Exercise objective: Please output the lines from the one with "Les micros et" through the end of the data exactly as written, omitting all pictures.

(Source data)
----------
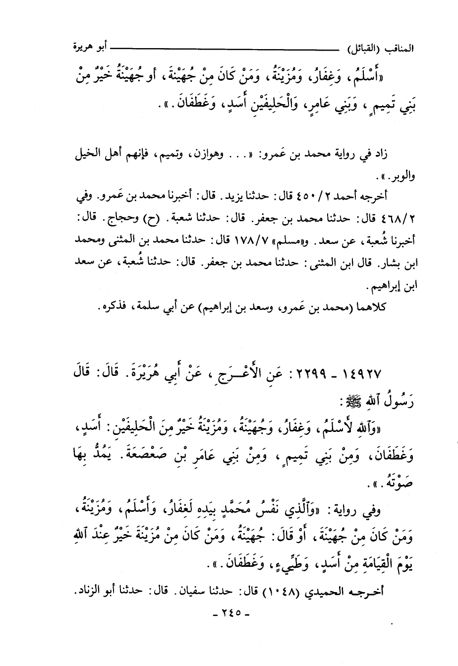 أَسْلَمُ وَغِفَارُ وَمُزَيْنَةُ وَجُهَيْنَةُ خَيْرٌ مِنْ بَنِى تَمِيمٍ وَمِنْ بَنِى عَامِرٍ وَالْحَلِيفَيْنِ بَنِى أَسَدٍ وَغَطَفَانَ.
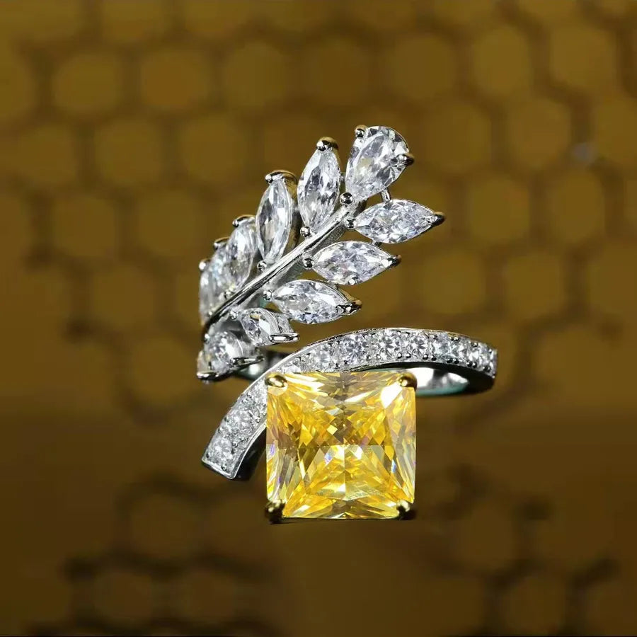 Ice Flower Copper Ring – Inlaid Leaf Zircon with Yellow Diamond
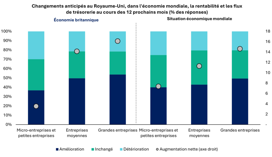 Les micros et petites entreprises restent sceptiques : 66 % d'entre elles estiment que l'économie britannique continuera de se détériorer ou restera inchangée en 2026, et plusieurs secteurs continuent de faire face à des risques structurels, notamment la volatilité des taux d'intérêt, les cybermenaces et les perturbations de la chaîne d'approvisionnement.
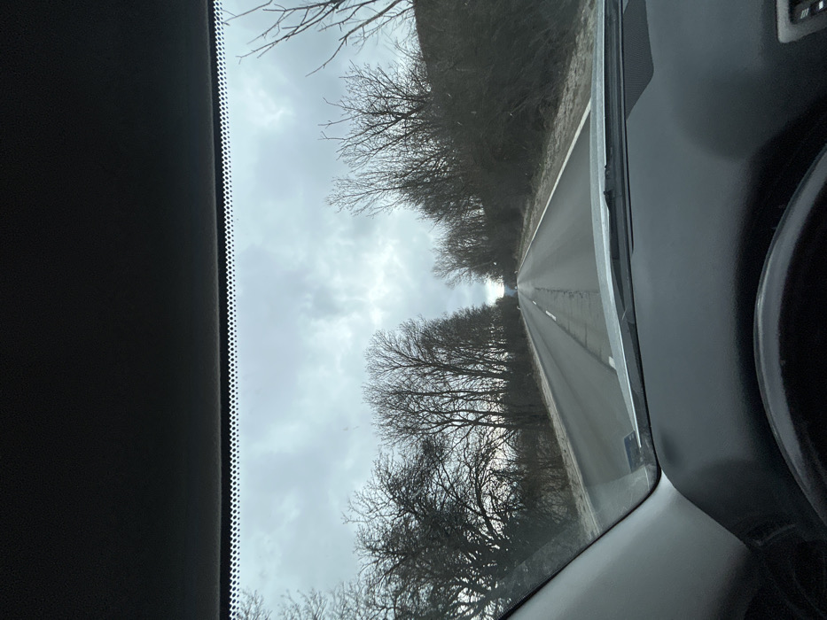 The image presents a forward-facing view from inside a vehicle, through its windshield, capturing a straight asphalt road extending into the distance
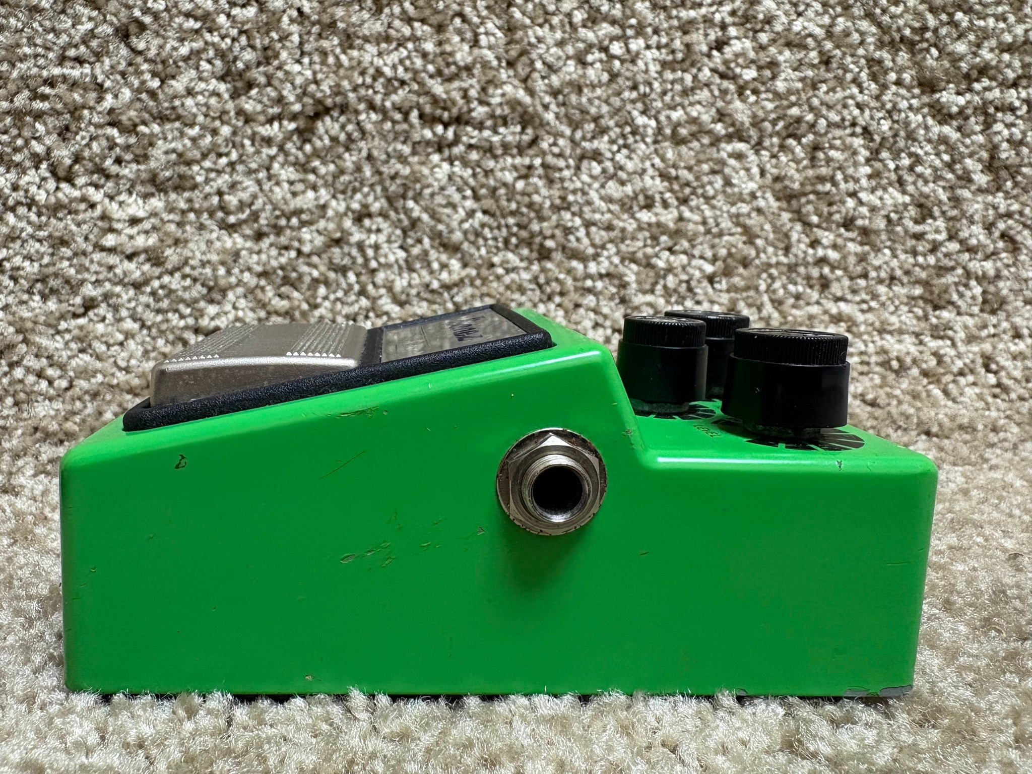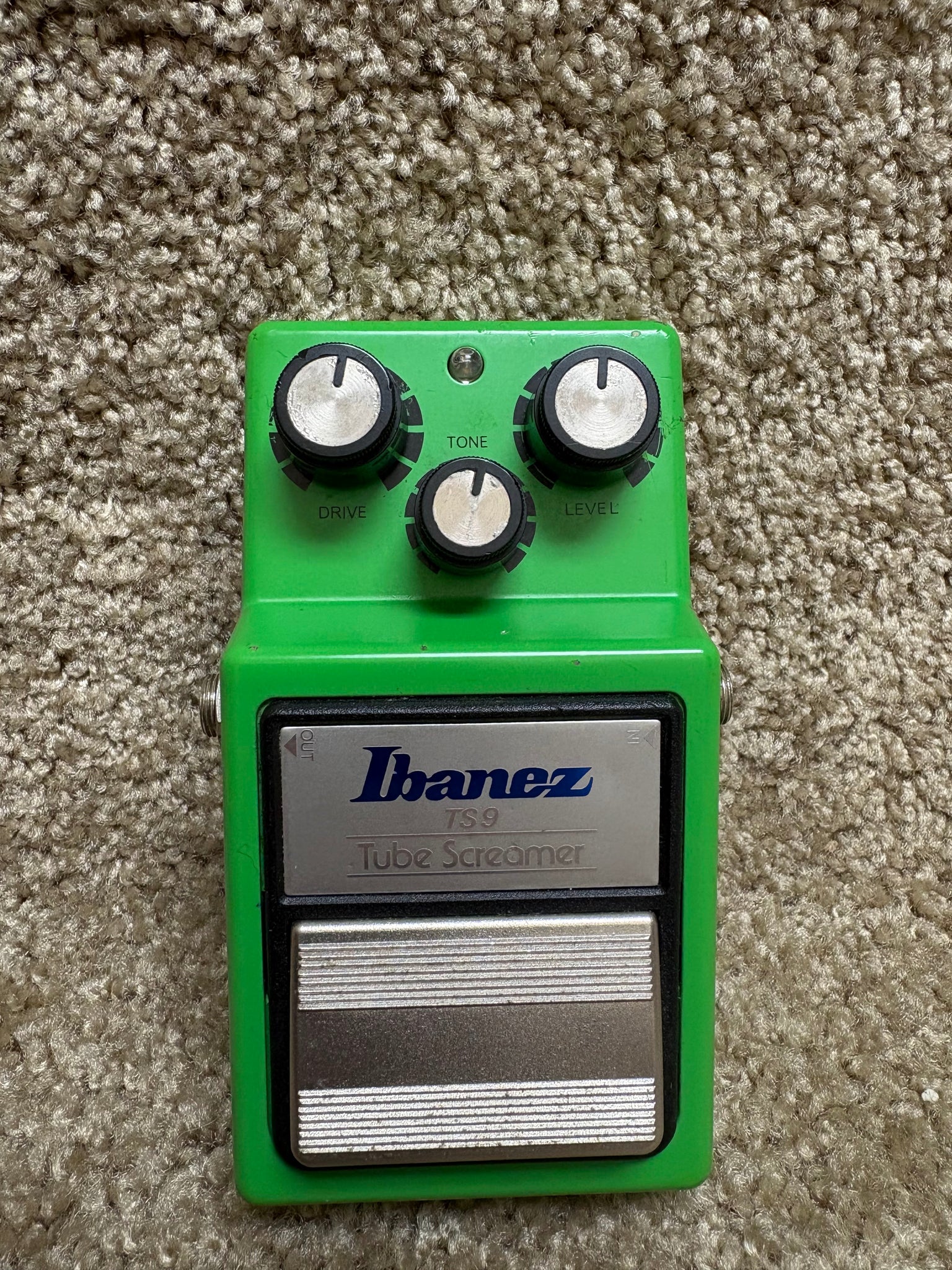 The Ibanez TS9 Tube Screamer is a reissue that's just like the original in so many ways. Same housing, same instantly identifiable green paint, and the same crankin' overdrive that makes it one of the all-time classics in guitar effects. This pedal shows minor scratches on its front and sides with little wear on the bottom as well. All features on this TS9 appear to work as expected.
----------
Response area:
 Les micros et petites entreprises restent sceptiques : 66 % d'entre elles estiment que l'économie britannique continuera de se détériorer ou restera inchangée en 2026, et plusieurs secteurs continuent de faire face à des risques structurels, notamment la volatilité des taux d'intérêt, les cybermenaces et les perturbations de la chaîne d'approvisionnement.
 The image presents a forward-facing view from inside a vehicle, through its windshield, capturing a straight asphalt road extending into the distance
 The Ibanez TS9 Tube Screamer is a reissue that's just like the original in so many ways. Same housing, same instantly identifiable green paint, and the same crankin' overdrive that makes it one of the all-time classics in guitar effects. This pedal shows minor scratches on its front and sides with little wear on the bottom as well. All features on this TS9 appear to work as expected.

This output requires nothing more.